Je massai mon crâne pour accélérer mon réveil difficile. L’atmosphère était calme, certainement à cause de l’heure. Je me levai en gémissant un cri de douleur étouffé. Ma jambe était bien entaillée ; le bras, ça allait. Je devais nettoyer la plaie où c’était l’infection assurée. Je conservais un flacon d’alcool à quatre-vingt-dix chez moi,  planqué bien sûr ; certaines âmes désespérées sont prêtes à tout pour picoler, même si le remontant doit leur foutre en l’air le tube digestif. Restait à savoir comment retourner le chercher sans attirer l’attention. Je pensais qu’Ashâ me filerait un coup de main. Après tout, c’était bien ce que j’avais fait pour elle, non ?

Cependant, je constatai immédiatement qu’elle n’était plus auprès de moi. Je décidai de sortir de la planque pour la retrouver. Peut-être s’était-elle mise en quête du petit-déjeuner ? pensai-je, un peu naïvement. Cette simple évocation me plongea dans un passé lointain, impalpable tant il me semblait irréel.

Je suis né le 22 juillet 2013. Un bel été, il paraît. Enfin, selon les considérations de l’époque évidemment. Maintenant, c’est autre chose. À cet instant, on vivait encore dans une maison en banlieue avant que mon père ne soit muté en ville. On possédait un petit jardin, un barbecue… Quand le temps s’y prêtait, on s’installait sur la terrasse. Mon père buvait son café en lisant son journal. Moi je mangeais mes céréales bourrées de sucre, au grand désespoir de mère, qui n’arrêtait pas de pester contre ces « saloperies » et tous ces industriels qui foutaient en l’air la planète. Je devais avoir six ou sept ans. Autant dire que toutes ces histoires ne me passionnaient pas beaucoup. Je me souviens que mon père se moquait d’elle parce qu’elle continuait d’en acheter. Je suppose qu’au fond, elle voulait surtout me faire plaisir. Ces enfoirés n’hésitaient pas à titiller la corde sensible. Ils rendaient les gamins accros et après, aux parents de se démerder. Pas étonnant qu’on en soit arrivés là.

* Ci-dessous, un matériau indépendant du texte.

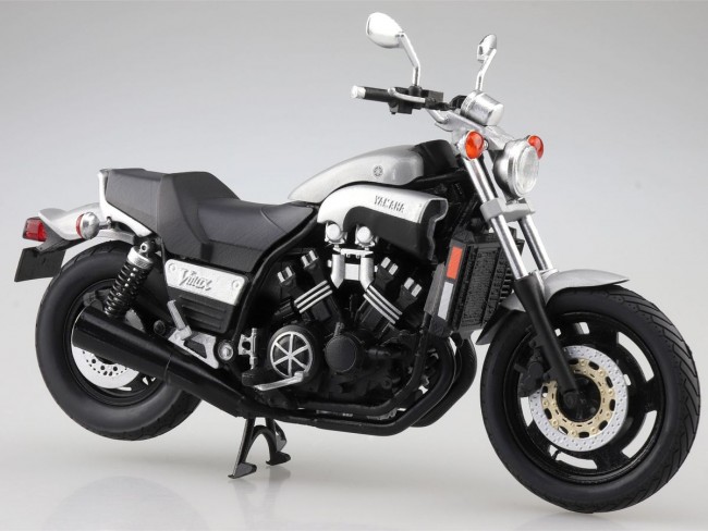 The famous street dragger, reappears in the finished motorcycle series! [Product Description] The Vmax, which was on sale for 22 years starting in 1985, is a famous bike that established a new genre of street dragger with its powerful engine and "V-boost system" that provides overwhelming acceleration performance. The Vmax has been reproduced in its full form and presence, including the V-4 twin-cam engine with a displacement of 1200cc, the characteristic air inlet covers, and the powerful dragger-style form. The frame and tank cover are made of die-cast metal, giving the model a high level of weight and texture. This is a finished model with excellent cost performance. We hope you will enjoy it. [Product Specifications] Complete painted model Steering wheel and rear suspension are movable. Material: Body / Die-cast, ABS, PS Tires/TPR Scale: 1/12 Size: approx. 190mm in length Display stand included Aoshima original development product The image is a prototype. It may differ from the actual product. Series Completed Motorcycle

Je cherchai Ashâ un peu partout, en prenant garde d’être discret, les types de la veille pouvaient débarquer n’importe quand pour finir leur job. L’hypothèse me paraissait toutefois peu probable, quelle personne serait assez bête pour s’éterniser où l’on a perdu sa trace ? Enfin, c’est probablement ce qu’ils devaient penser. En ce qui me concernait, je m’imaginais plutôt malin. Au bout d’une heure d’investigation, je me fis à l’idée : la belle s’était tirée, avec mon fusil, mon manteau et les cartouches qu’il contenait. Voilà à quoi ça mène de jouer les preux chevaliers au service de la veuve et l’orphelin, me dis-je en posant mes fesses sur un bloc de béton tagué de tant d’écritures qu’il en était devenu impossible d’en déchiffrer une seule. Je demeurai assis quelques minutes avant de percevoir les bribes d’une conversation. Deux hommes approchaient.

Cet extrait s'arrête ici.